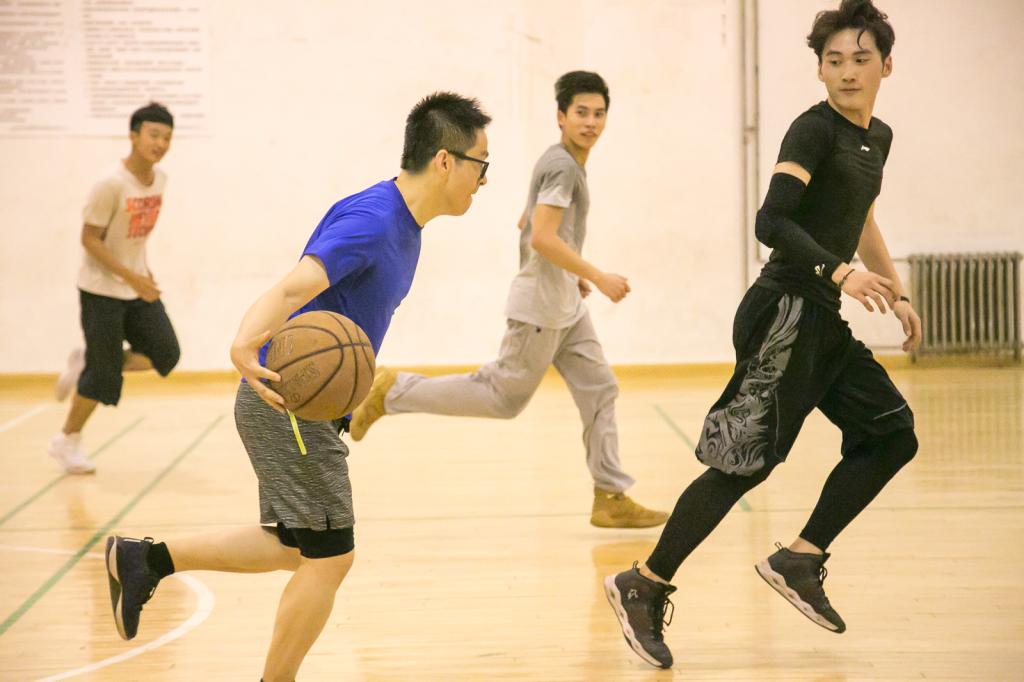 5月10日晚上六点半,我院嘉年华师生篮球交流赛在世纪馆B208准时开始。我院党委副书记黄文彬、类承曜,保险系张俊岩,财政系雷敬华,行政老师贺松霖、冯建彪、齐飞、韩晓冬八名教师与我院八名学生参加了此次师生篮球交流赛。本次比赛分为两个环节。在第一环节中,16位球员分成A、B两组打半场。在第二环节中,16位球员齐上阵,痛快淋漓地打了一场全场篮球赛。
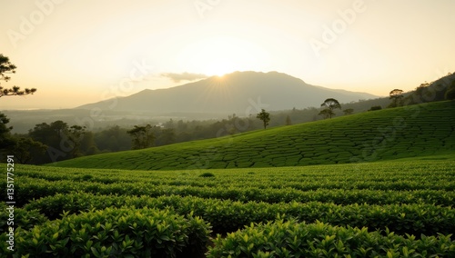 © Teerapol, Fototapeta premium Panoramic View of Lush Green Tea Plantation at Golden Hour
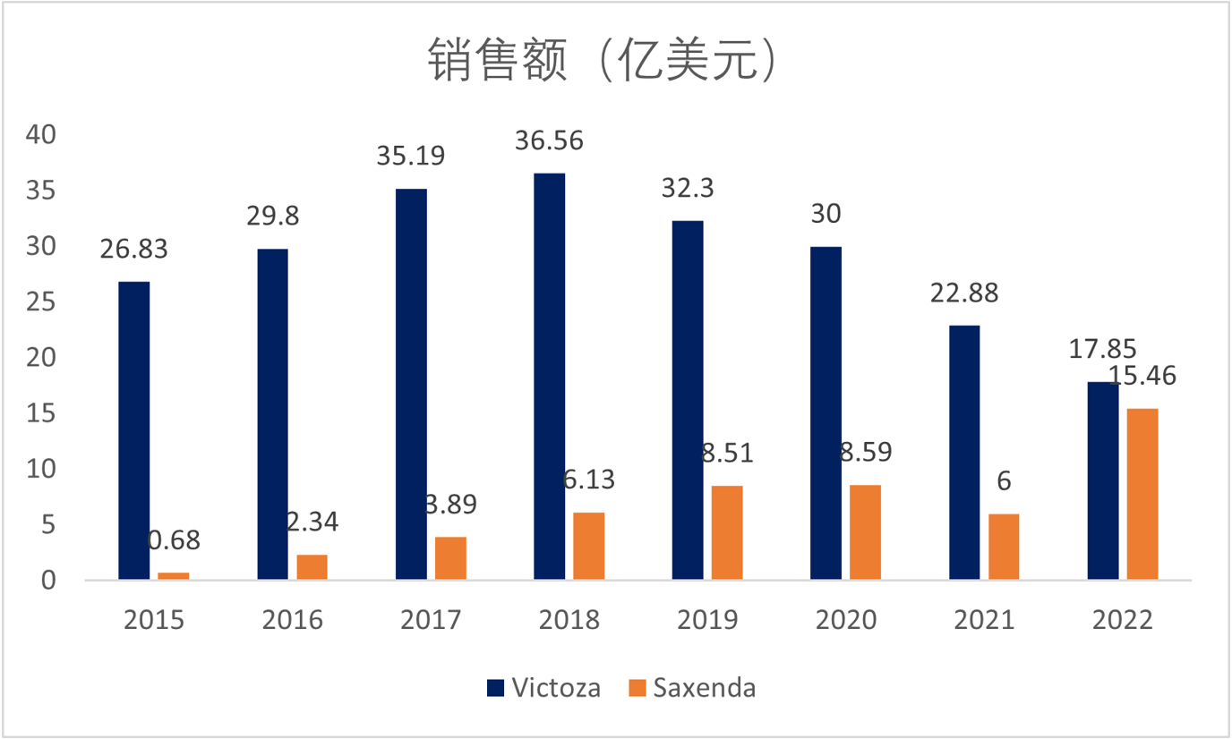 利拉鲁肽降糖药Victoza和减肥针Saxenda的销售额对比
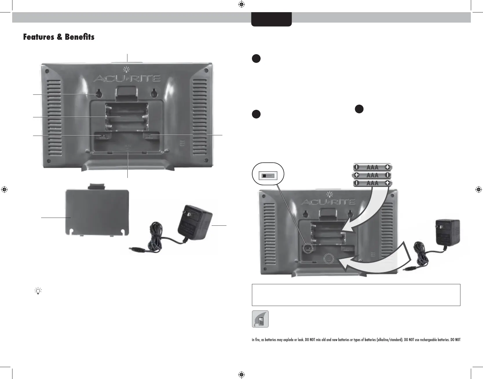 be used for an extended period of time. Follow the polarity (+/-) diagram in the battery compartment. Promptly remove dead batteries from the device. Dispose of
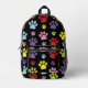 Colourful Paws, Paw Pattern, Paw Prints, Dog Paws Printed Backpack
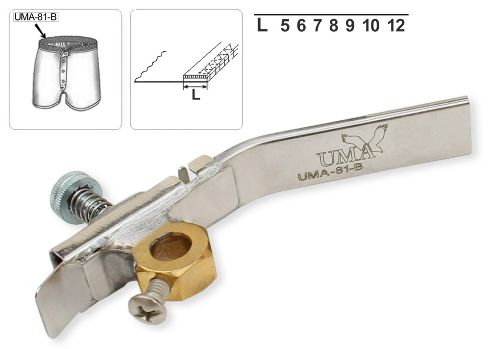 Приспособление UMA-81-B для притачивания эластичной ленты с одновременным обметыванием открытых срезов. Регулировка под ширину эластичной ленты отсутствует. Устанавливается на промышленные машины зигзагообразной строчки, оверлоки марок Brother, Yamato, Siruba, Juki, Pegasus и плоскошовные машины с плоской платформой.
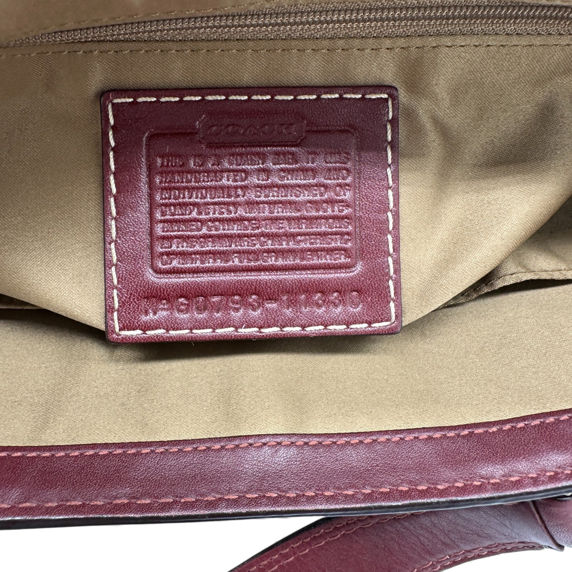 Vintage Coach 11330 Hamptons Turnlock Shoulder Bag. In Bordeaux red embossed signature monogram leather, with burgundy red leather trim and brass turnlock hardware. A Y2K piece from 2007.
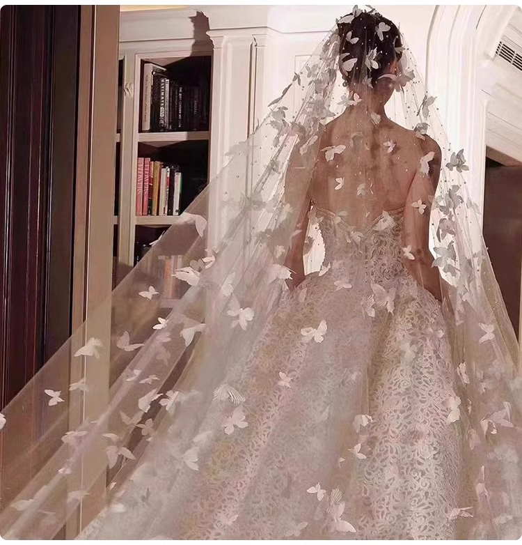 Vintage Elegant White Butterfly Pearl Design Style Long Wedding Veil TP3163
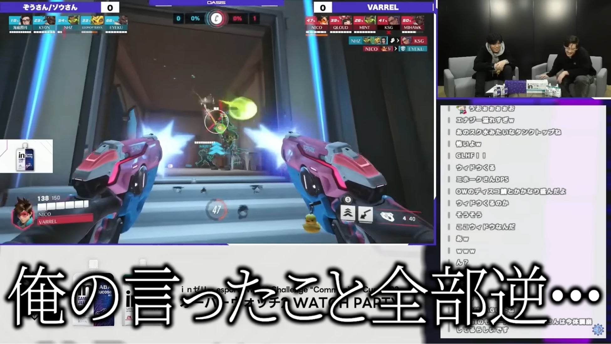 待ちに待ったVARREL開幕の構成はRush構成。対するぞうさん/ゾウさんはDive構成からのスタートとなりましたが、序盤ぞうさん/ゾウさんのKYON選手が国内最強の「トレーサー」使いであるNico選手を”トレーサー”でキルするという波乱の幕開けとなりましたが、そんなチャンスも束の間、Nico選手に火が付き、圧倒的な連携力を見せつけ初戦をあっという間に取得しました。
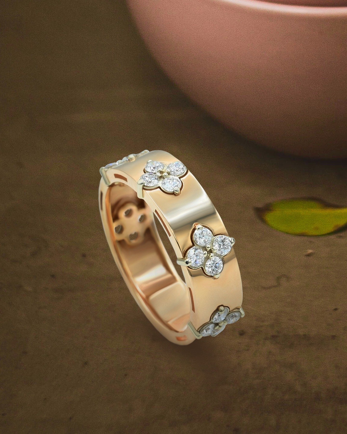 Set with 0.75 carats of sparkling diamonds, each floral motif is meticulously crafted to enhance light reflection while maintaining a smooth, comfortable profile. The polished rose gold finish adds warmth and elegance, making the ring ideal for daily wear as well as special occasions.
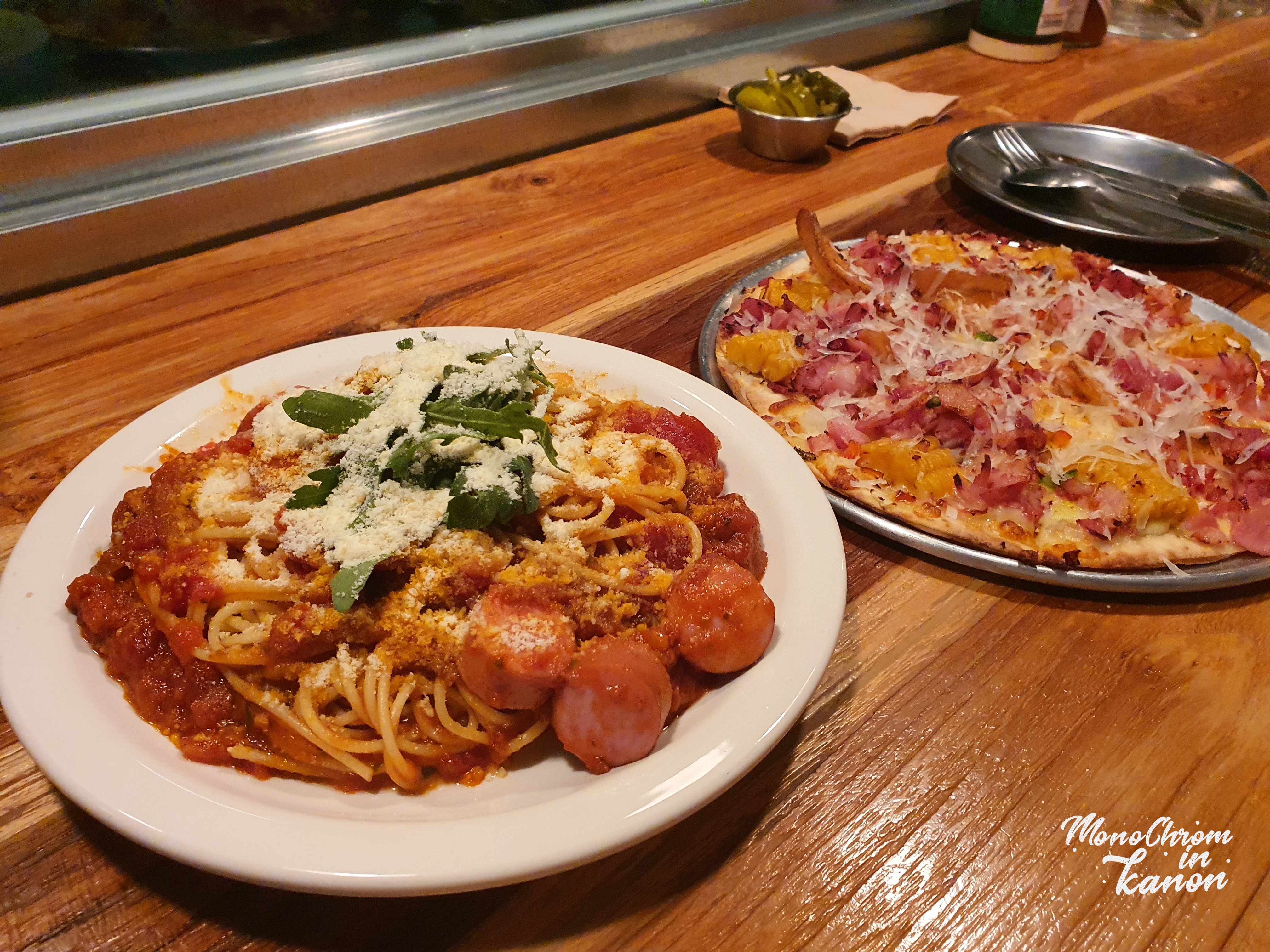 토마토 파스타의 소스를 피자에 싸 먹어도 맛있었습니다.

----

■ **Instructions for the task**:
Starting at the first line of the records above, set down each line exactly through the one that holds "at Golden Hour". Omit pictures.

■ **Response box**:
 5月10日晚上六点半,我院嘉年华师生篮球交流赛在世纪馆B208准时开始。我院党委副书记黄文彬、类承曜,保险系张俊岩,财政系雷敬华,行政老师贺松霖、冯建彪、齐飞、韩晓冬八名教师与我院八名学生参加了此次师生篮球交流赛。本次比赛分为两个环节。在第一环节中,16位球员分成A、B两组打半场。在第二环节中,16位球员齐上阵,痛快淋漓地打了一场全场篮球赛。
 © Teerapol, Fototapeta premium Panoramic View of Lush Green Tea Plantation at Golden Hour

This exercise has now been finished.